Testing Resolvers with evaluate

May 29, 2026 · View on GitHub

The sls appsync evaluate command calls the AppSync EvaluateCode and EvaluateMappingTemplate APIs directly. This lets you test resolver logic against a known context without deploying and without executing the actual data source (DynamoDB, Lambda, etc.).

Requirements: An active AWS connection with appsync:EvaluateCode and/or appsync:EvaluateMappingTemplate IAM permissions.


How evaluation works

AppSync executes only the resolver code itself. It does not:

  • call the data source (DynamoDB, Lambda, HTTP, …)
  • execute other pipeline functions
  • validate the GraphQL schema

What you get back is the request mapping (what would be sent to the data source) or the response mapping (what would be returned to the client), depending on which function you evaluate.


Unit resolver

A unit resolver has a single request function and a single response function.

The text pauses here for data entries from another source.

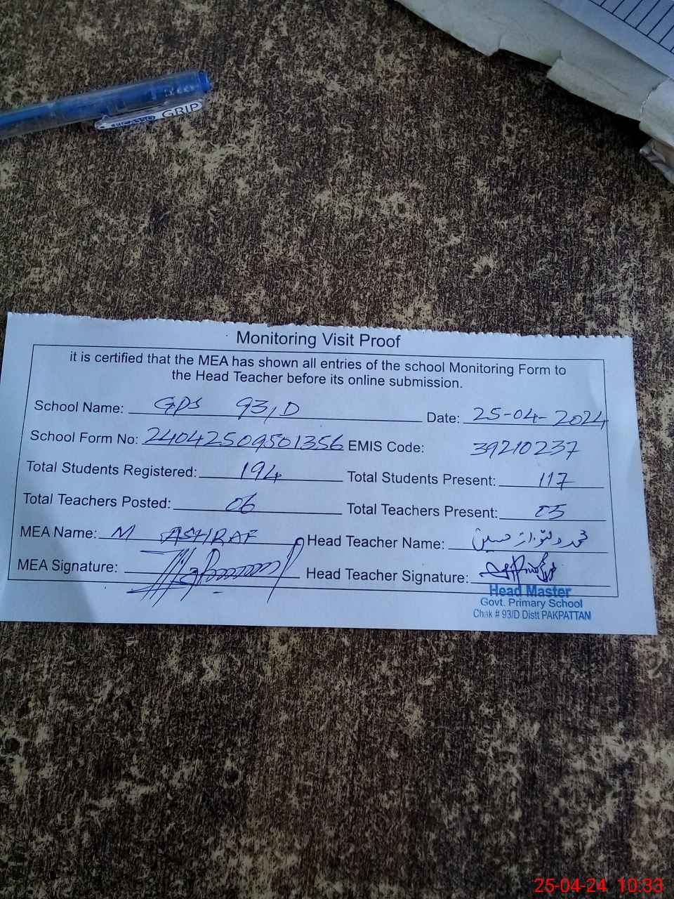 | EMIS Code: 39210237 | Name of School: GPS 93/D | |||
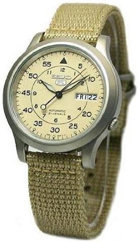 You Save : 53% Seiko SNK803K2 Men's Seiko 5 Automatic Beige Fabric Watch Seiko Authentic SNK803K2 Men's Seiko 5 Automatic Beige Fabric Watch. This fantastic Seiko timepiece includes all high quality features at an affordable price. Gender: Men's Brand: Seiko, Hands: Black and luminous hour and minute hands, black, red and luminous second hand, Model Number: SNK803K2, Markers: Black Arabic numerals and luminous dot hour markers, Case Thickness: 12 mm, Strap Width: 18 mm, Strap Length: 9 inches, Calendar: Date and day display at 3:00, Crown: Push/pull, Water Resistant: 30 meters, Dial Color: Beige, Crystal: Hardlex, Clasp Type: Buckle, Series: Seiko 5, Case: Stainless steel, Movement: Japan automatic, Caliber 7S26B, 21 jewels, Case Diameter: 37 mm, Case Back: Screw-down, exhibition, Strap: Beige weave fabric, Material: Fabric, Size: Men's, Style: Casual
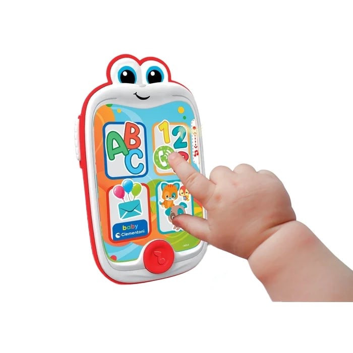 یک تلفن همراه بامزه و سخنگو با صفحهای رنگی و نورانی، طراحی شده برای تقلید از موبایلهای واقعی بزرگترها است
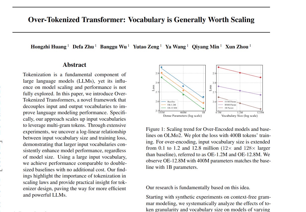 📌 Over-Tokenized Transformer offers a practical approach to improve LLMs. Tensor parallelism for embedding layers mitigates memory pressure from large vocabularies. This makes deploying larger input vocabularies feasible and efficient in practice.
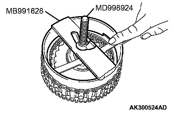 2. Set special tools MB991628 and MD998924 as shown in the illustration, and then compress the clutch element.
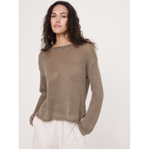 - We're living in 100% linen. Enter, this boatneck sweater: it has a slouchy fit and textured seams. Plus, we knit it in our signature, chunky linen yarn using a stitch that gives it beautiful drape and semi-sheer look.
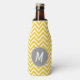 Mantenha a sua bebida fria com este refrigerador de frasco amarelo e branco, feito em padrão de zigue-zague cebola. Personalize o monograma branco de uma letra, no disco de texto da cinza, para você mesmo ou como uma ideia de presente de excelente.
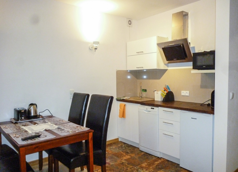 Do dyspozycji naszych gości jest wspólna dla 10 pokoi kuchnia wyposażona w dwie jednopalnikowe płyty indukcyjne do gotowania , mikrofala ,opiekacz, toster , prosty expres do kawy , oraz inne akcesoria potrzebne do gotowania czy smażenia . Razem z kuchnią w jednym pomieszczeniu jest stołówka ze stołami do spożycia przygotowanych posiłków. Dla każdego pokoju jest bezpłatnie miejsce parkingowe . W budynku znajduje się narciarnia z suszarnią na buty w zimie dla narciarzy a w lecie jest to bezpieczne miejsce na rowery . Dodatkowa zaletą pokoju jest ładny widok na góry.
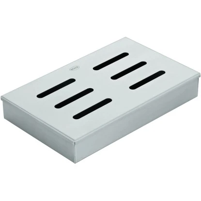 Die Rösle Räucherbox ist eine zweiteilige Edelstahlbox aus Räucherschale und Deckel, fasst bis zu 750 ml und verleiht den Lebensmitteln einen aromatischen Rauchgeschmack. Dazu wird eine handvoll der handelsüblichen Holzchips (erhältlich in unterschiedlichen Geschmacksrichtungen) in die Räucherbox gegeben. Danach nur noch mit dem Deckel verschließen und ab auf die heißen Kohlen oder auf den Gasbrenner. Je länger die Box auf dem Grill verbleibt, desto intensiver ist die Rauchnote.
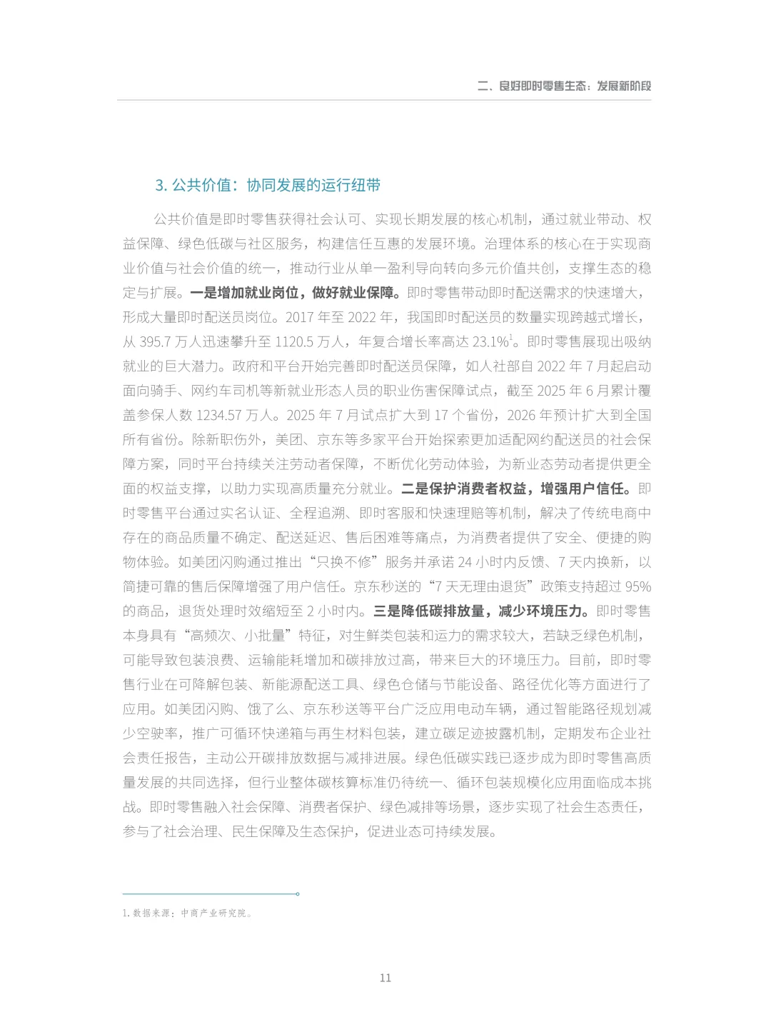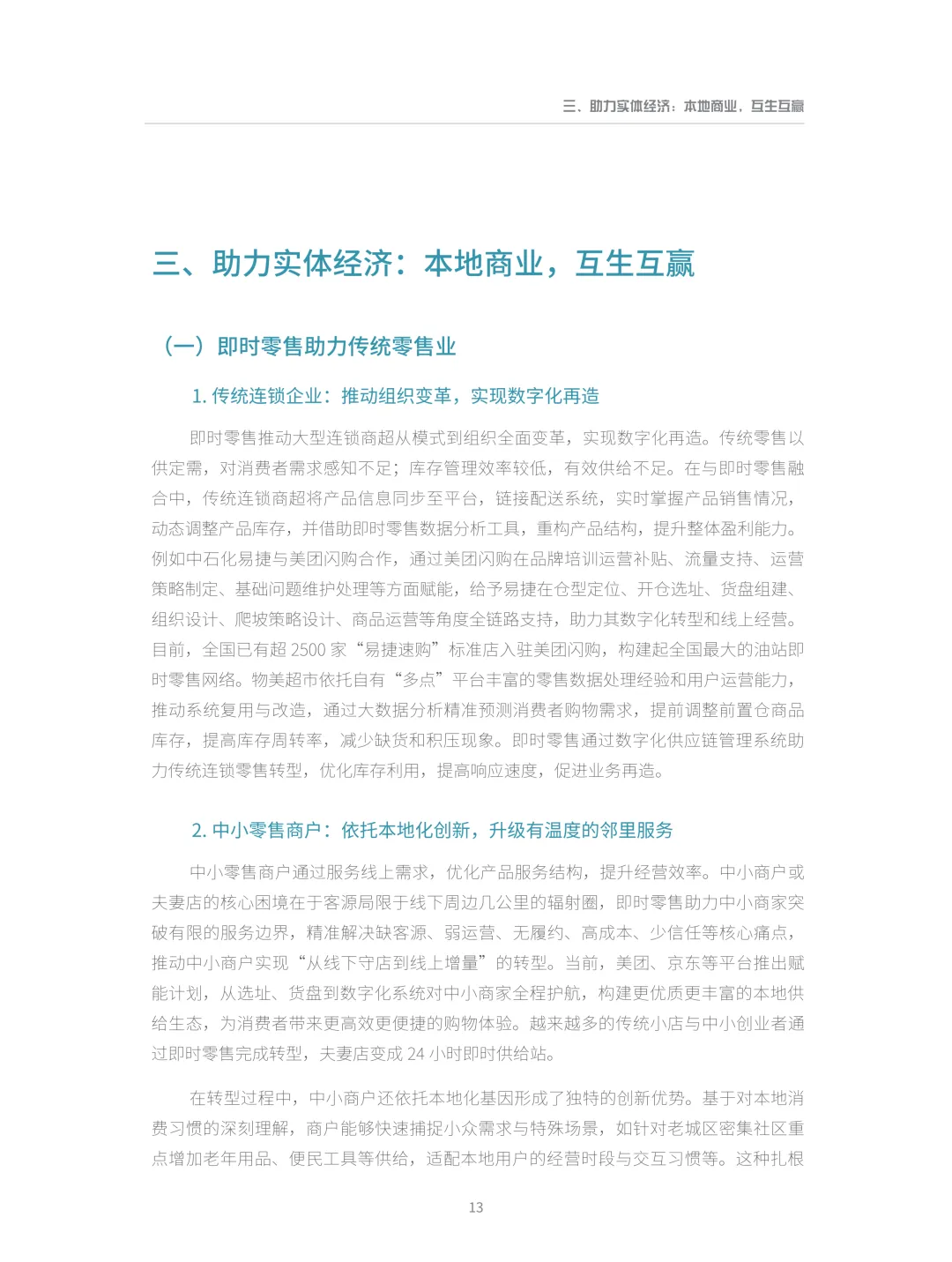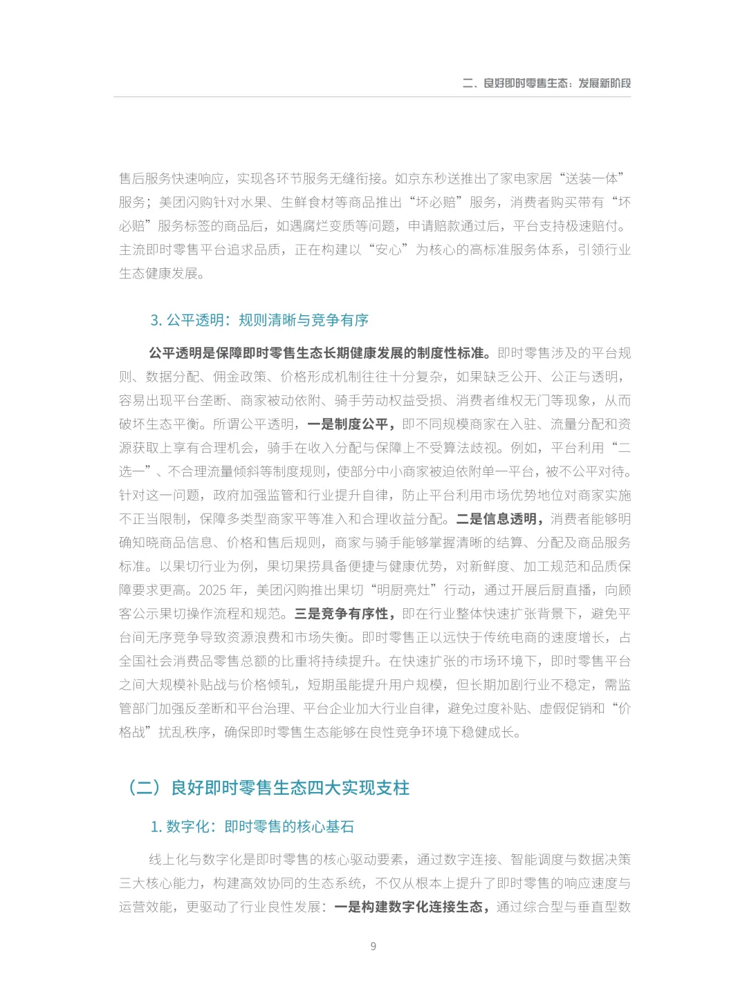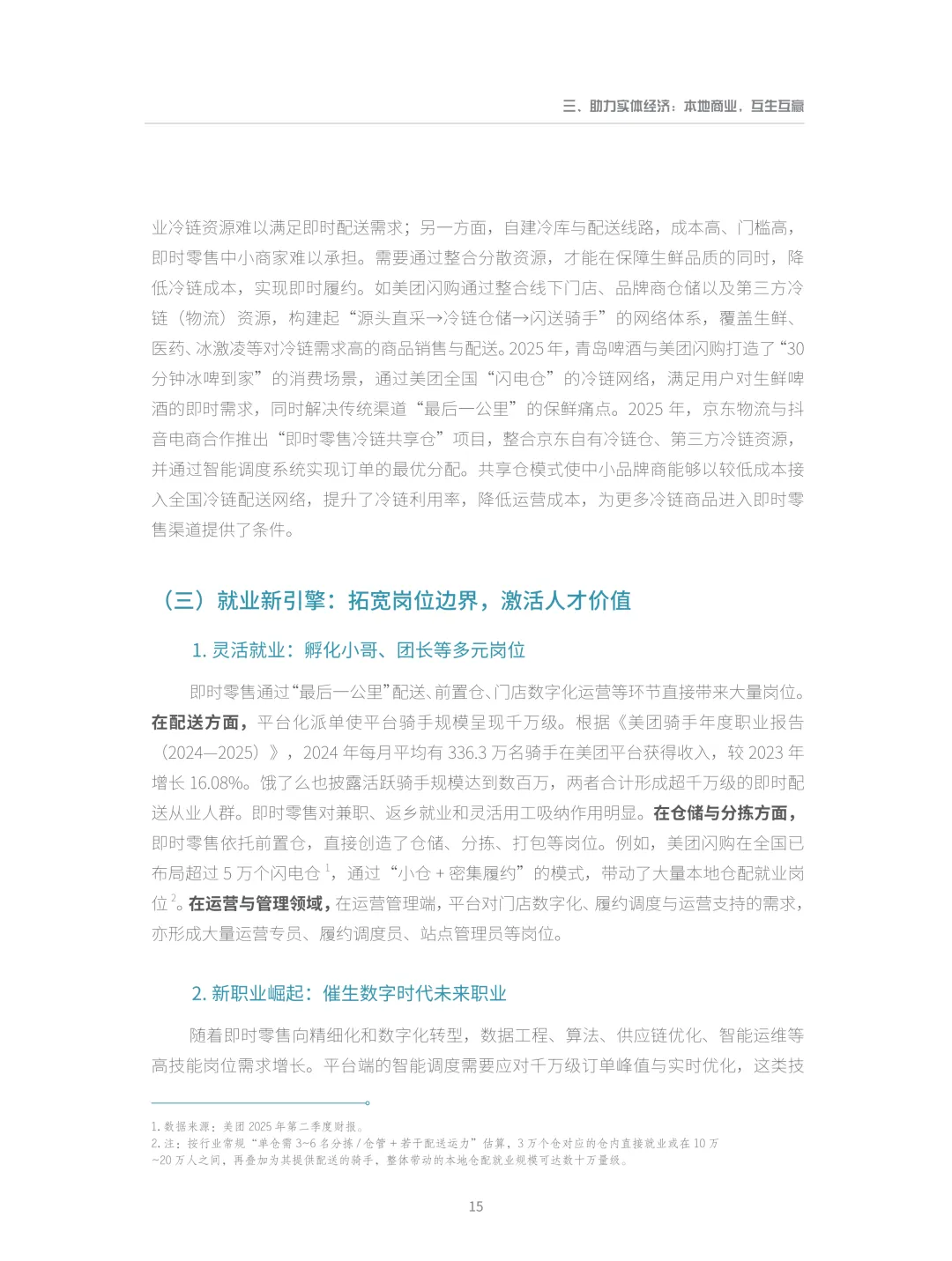行业竞争从价格战转向以用户体验为中心的生态构建,从 “履约快” 升级为 “服务稳、商品优、体验安心” 的多维竞争,“安心” 成为核心竞争力衡量标准。良好的即时零售生态需满足多元共生、品质制胜、公平透明三大衡量标准,依托数字化、供应链协同、公共价值、用户体验四大实现支柱,通过多主体协同、全流程品质保障、清晰规则体系,结合数字技术、高效供应链、社会价值创造和极致用户体验,构建健康可持续的生态体系。 - 3.实体经济价值:多维度赋能,实现互生互赢
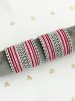 Introducing our 42 PC Silver Tone Hot Pink & Pastel Pink Bangle Set, a beautifully crafted ensemble perfect for any occasion. This set features a stunning combination of simulated Polki, Glitters and Diamond Czs that will add a touch of elegance to your look.
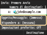 ![]() ![]() L’indirizzo di risposta che può essere specificato è sempre uno degli indirizzi e-mail registrati nella Rubrica.

context  →  request()  →  [data source — not called]  →  response()  →  result

Evaluate each function independently:

# Evaluate the request mapping
sls appsync evaluate \
  --type Query \
  --field getUser \
  --function request \
  --context '{"arguments":{"id":"abc-123"},"identity":{"sub":"user-1"}}'

# Evaluate the response mapping (pass a mock data source result via context.result)
sls appsync evaluate \
  --type Query \
  --field getUser \
  --function response \
  --context '{"arguments":{"id":"abc-123"},"result":{"id":"abc-123","name":"Alice"}}'

Pipeline resolver

A pipeline resolver chains multiple functions. Each function has its own request and response, and passes data to the next via ctx.stash and ctx.prev.result.

context


[pipeline request handler]   ← optional JS wrapper


function 1: request()  →  [data source — not called]  →  response()
  │  (result stored in ctx.prev.result, stash carried forward)

function 2: request()  →  [data source — not called]  →  response()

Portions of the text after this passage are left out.